:: Work item ::
Write the listing below out again word for word, without a single picture.

:: Supplied material ::
* * *

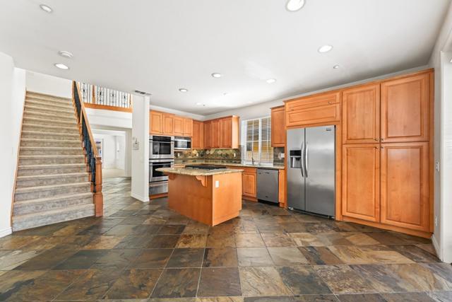 Former model home gracefully positioned in one of the community’s most sought-after enclaves, featuring a formal living room and a desirable main-floor bedroom with a full bath—ideal for guests or multi-generational living. The beautifully appointed kitchen serves as the heart of the home, complete with stainless steel appliances, granite countertops, and a center island that opens seamlessly to the family room with a cozy fireplace—perfectly blending style and functionality. Upstairs, a versatile loft provides additional living space, along with a convenient laundry room. The generously sized secondary bedrooms offer walk-in closets and are connected by a Jack-and-Jill bathroom, while an additional upstairs junior suite provides flexibility for guests or extended family. The spacious primary retreat features an ensuite bath with dual vanities, a soaking tub, separate shower, and a walk-in closet. Enjoy a private, low-maintenance backyard, ideal for relaxing or entertaining. Located in The Traditions at La Costa, a rare collection of just 12 homes nestled within the pristine La Costa neighborhood, this residence offers both exclusivity and convenience. Enjoy close proximity to beaches, major highways, shopping, dining, and entertainment, all within the award-winning San Dieguito Union High School District. Take in scenic views from the second floor and experience the peace and tranquility that define this exceptional luxury community.
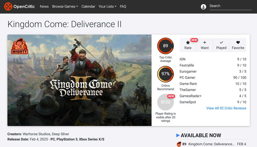 Недавно Kingdom Come Deliverance 2 выставили оценки игровые журналисты. Далеко не все из них порадовали создателя игры.
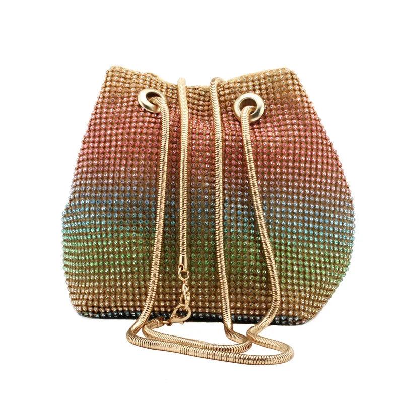 Rainbow Rhinestone Evening Bag with Snake Chain

* * *

:: Written solution ::
 Former model home gracefully positioned in one of the community’s most sought-after enclaves, featuring a formal living room and a desirable main-floor bedroom with a full bath—ideal for guests or multi-generational living. The beautifully appointed kitchen serves as the heart of the home, complete with stainless steel appliances, granite countertops, and a center island that opens seamlessly to the family room with a cozy fireplace—perfectly blending style and functionality. Upstairs, a versatile loft provides additional living space, along with a convenient laundry room. The generously sized secondary bedrooms offer walk-in closets and are connected by a Jack-and-Jill bathroom, while an additional upstairs junior suite provides flexibility for guests or extended family. The spacious primary retreat features an ensuite bath with dual vanities, a soaking tub, separate shower, and a walk-in closet. Enjoy a private, low-maintenance backyard, ideal for relaxing or entertaining. Located in The Traditions at La Costa, a rare collection of just 12 homes nestled within the pristine La Costa neighborhood, this residence offers both exclusivity and convenience. Enjoy close proximity to beaches, major highways, shopping, dining, and entertainment, all within the award-winning San Dieguito Union High School District. Take in scenic views from the second floor and experience the peace and tranquility that define this exceptional luxury community.
 Недавно Kingdom Come Deliverance 2 выставили оценки игровые журналисты. Далеко не все из них порадовали создателя игры.
 Rainbow Rhinestone Evening Bag with Snake Chain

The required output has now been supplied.